How to avoid exertional Rhabdo:
My advice is as a new athlete to any sport such as CrossFit, look at your background and understand what energy systems are being used. CrossFit trains all three energy systems your body has- glycolic, phosphor-gylocolytic, and oxidative. If you go from being a long distance runner your whole life and have never touched a weight in your life, or casually workout, then CrossFit will be a significant change for you. Managing your body and knowing your limits is the key. The more you grow accustomed to the workouts that involve weight training, gymnastic movements (pull-ups and pushups), and endurance exercises (rowing and running) the better you will be.
One of our physical therapists was certain they got a minor version of Rhabdo from their 20+ mile hikes while in the Marine Corps after not getting enough rest and not being hydrated; it took them a few days to recover. It happens!
Rhabdo Cartoon and RISKS:
Every sport has risks, and CrossFit has a cartoon that represents the risk! It is not a joke, but rather a warning. There are risks in ANY sport you do and would hope that you were aware of the risks prior to participating. When one of our therapists was training in Muai Thai for a short stint my coach made them well aware of the risk of injury. Ok cool! The therapist was responsible for their body and knowing their limits and the coach was responsible for teaching them the proper technique. They signed the waiver and knew what they were in for.
If you ask us, the real risk is letting your body go, and moving poorly!
To make sure you perform the movements correctly, and keep the athletes safe throughout their entire duration at the gym.
Our advice to health professionals:
Focus on the things you can control: Setting an example and focusing on things you can control and helping the sport, athlete, situation get better!

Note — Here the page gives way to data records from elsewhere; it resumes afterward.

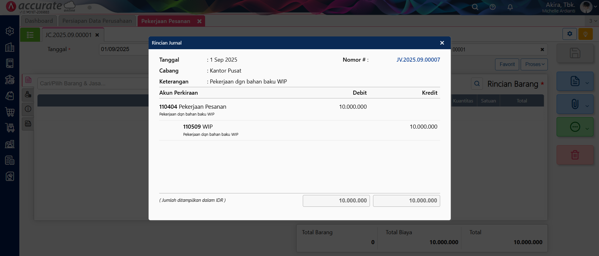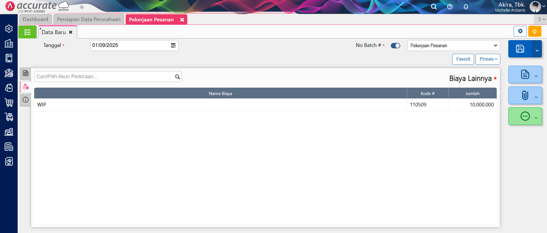 2. Selanjutnya, buat transaksi Pekerjaan Pesanan melalui menu Persediaan ke tab Rp (Biaya Lainnya), pilih akun penampung pada poin 1, dan isikan nominalnya senilai saldo Persediaan Dalam Proses seperti pada poin 1.
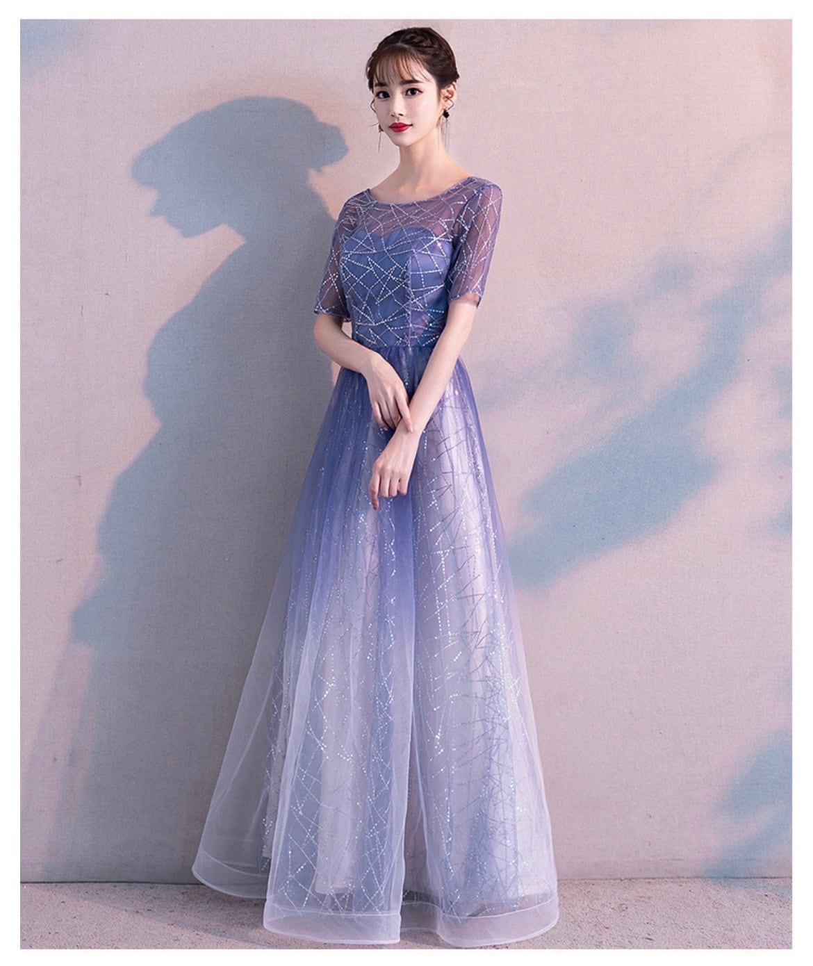 グラデーションカラーが大人っぽさを引き立たせるパーティードレス。
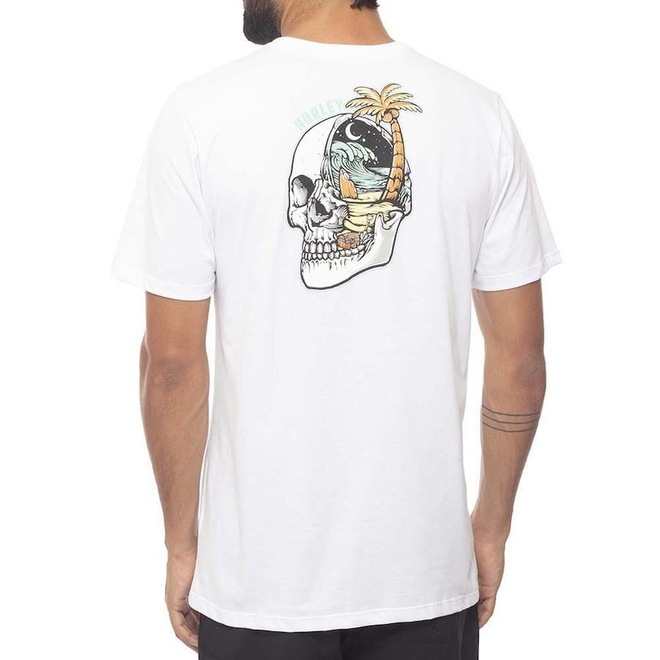 Camiseta silk meia malha 30.1, modelagem regular, estampa localizada a base d''água frente e costas e etiqueta clips na barra.
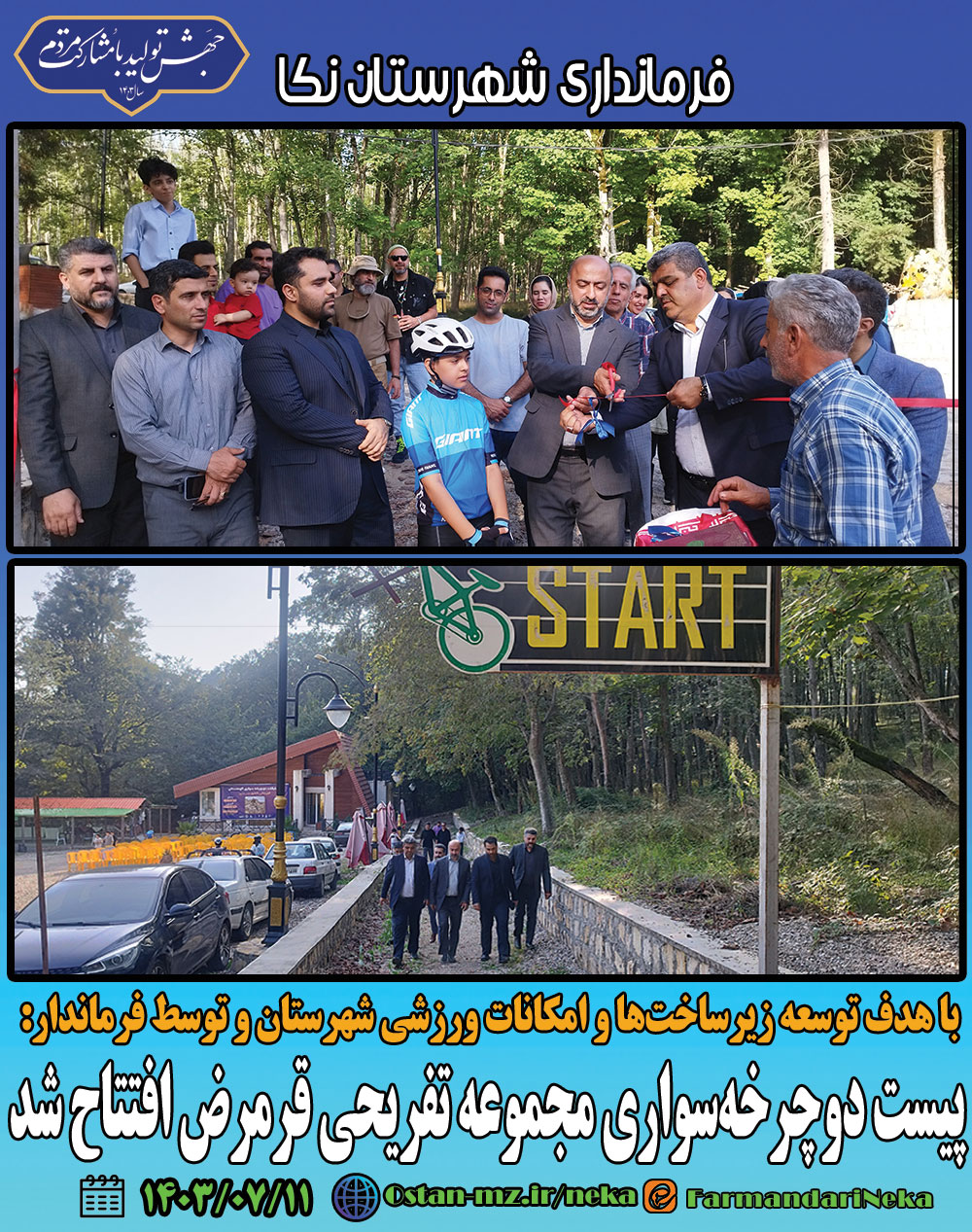 عصر امروز آیین افتتاح پیست دوچرخهسواری مجموعه تفریحی قرمرض، با هدف توسعه زیرساختها و امکانات ورزشی شهرستان نکا توسط مرتضیرمضانی فرماندار این شهرستان به همراه مسئولین استانی و شهرستانی و ورزشکاران برگزار شد.
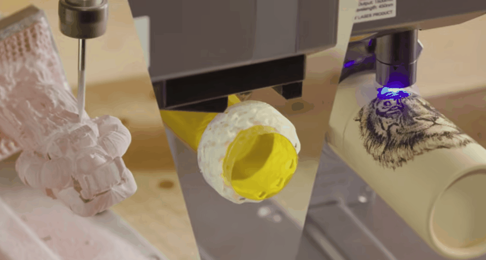 • Escultura rotativa de 4 eixos e gravação a laser.
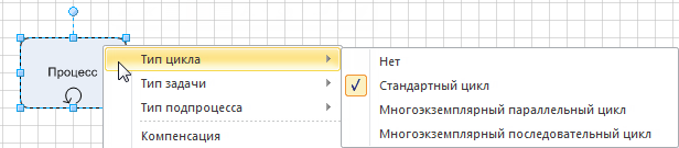 На диаграмме тип цикла для задачи или подпроцесса определяется при помощи подменю Тип цикла в контекстном меню, вызываемого от процесса (Рис. 4).
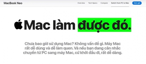 Trên trang chủ của MacBook Neo có một mục riêng mang tên "chuyển từ PC sang Mac". Ảnh: Apple. |
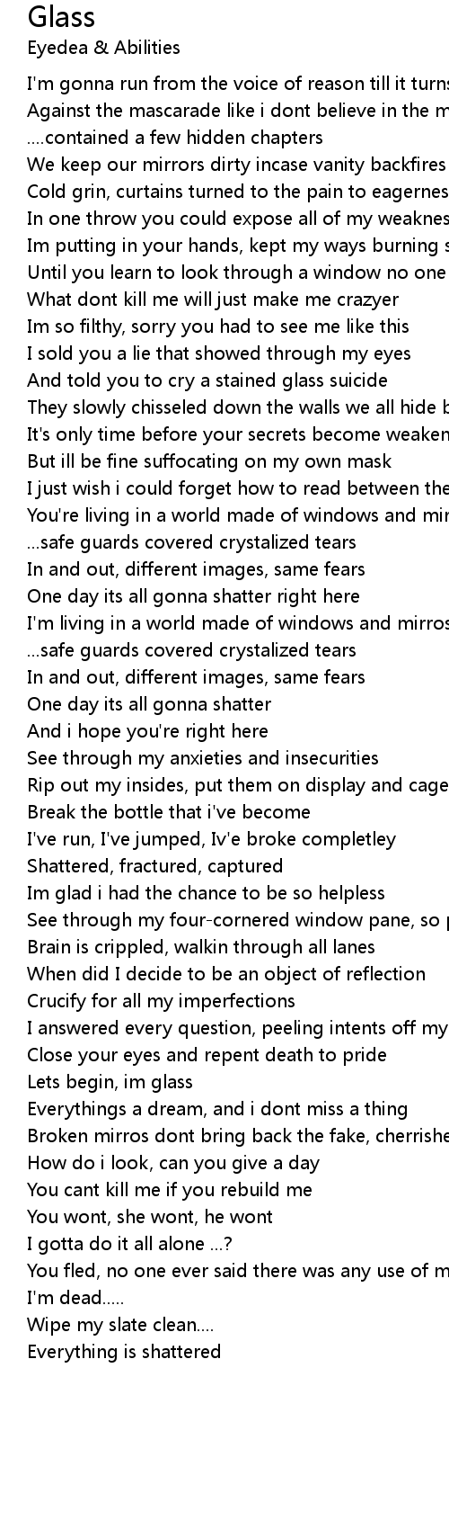 And told you to cry a stained glass suicide |
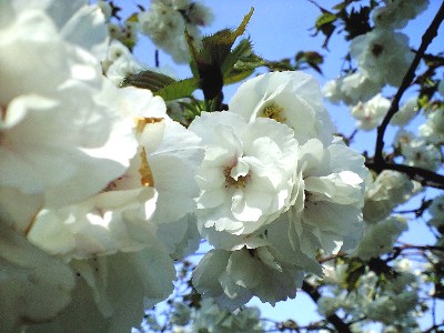 品種に詳しくないが、白に近いピンクの八重桜が満開になっていた にっかにか
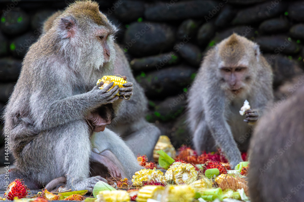 Fototapeta Monkeys eating fruit, image shows Balinese long-tailed monkey or Macaca Fascicul
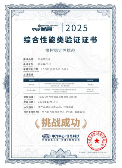此前,在中国汽车技术研究中心主办的“2025极寒驾控安全主题技术验证”中,东风雪铁龙凡尔赛C5 X与东风标致508L凭借出色的整车稳定性与安全操控表现,双双通过严苛测试,荣获“操控稳定性挑战”权威认证。其中,凡尔赛C5 X在雪地高速爆胎测试中,以140km/h的最高车速成功通过,在满载状态下顺利完成20%压实雪坡攀爬挑战;东风标致508L则在雪地双移线、雪地蛇形测试中展现出精准的操控功底。这一成绩不仅充分印证了两款车型在极限工况下的可靠性与安全功底,更获得央视等权威媒体报道,进一步放大了产品实力的社会公信力,让产品扎实的安全基因清晰传递给广大用户,为销量提升筑牢品质根基。
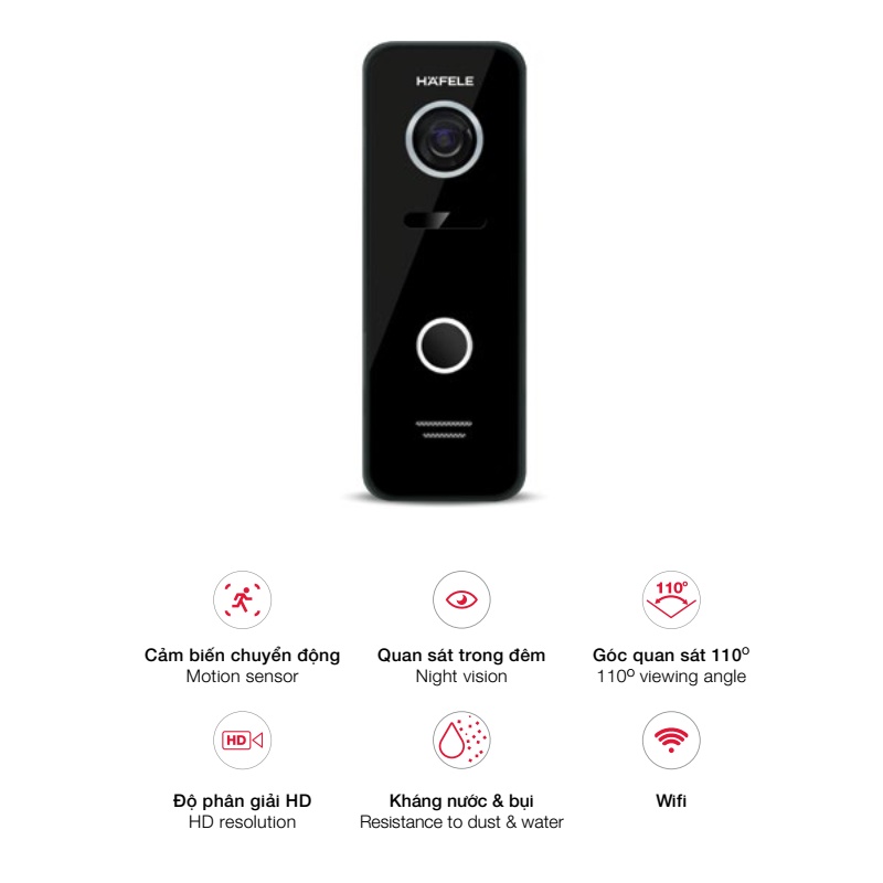 - Camera chuông cửa gắn bên ngoài, hỗ trợ quan sát và đàm thoại với chủ nhà thông qua màn hình bên trong nhà

As a human performance company who employs doctors of physical therapy, mobility and movement is our specialty. A good portion of our practice includes working with high performing athletes and getting them moving efficiently so they can perform at higher and higher peaks. We work with CrossFitters, football players, baseball players, and martial artists. What we would suggest to other health professionals is, use your knowledge of medicine as well as strength and conditioning and to help individuals move more efficiently. Not only help conserve their energy, but improve their work capacity, the importance of hydration, and educate them on timing and rest so they have the ability to finish a workout and not feel smoked. That is our job as physical therapists and human performance coaches.
A good resource for movement and mobility is Dr. Kelly Starrett, who posts very informative techniques that will help you move better whether you CrossFit or not (visit: MWOD).
Community of CrossFit:
If you’ve moved past the fear-mongering of Dr. Robertson’s article and are interested in the positives of CrossFit, do check it out for yourself. Movement Rx focuses on this wonderful community because these athletes and participants live their life out loud. Strong friendships are built, body-mind-spirit changes are made, and humble self-confidence is grown.
I challenge you to find a good CrossFit box in your area, talk to the coaches, take a class and see what you think! What do you have to lose?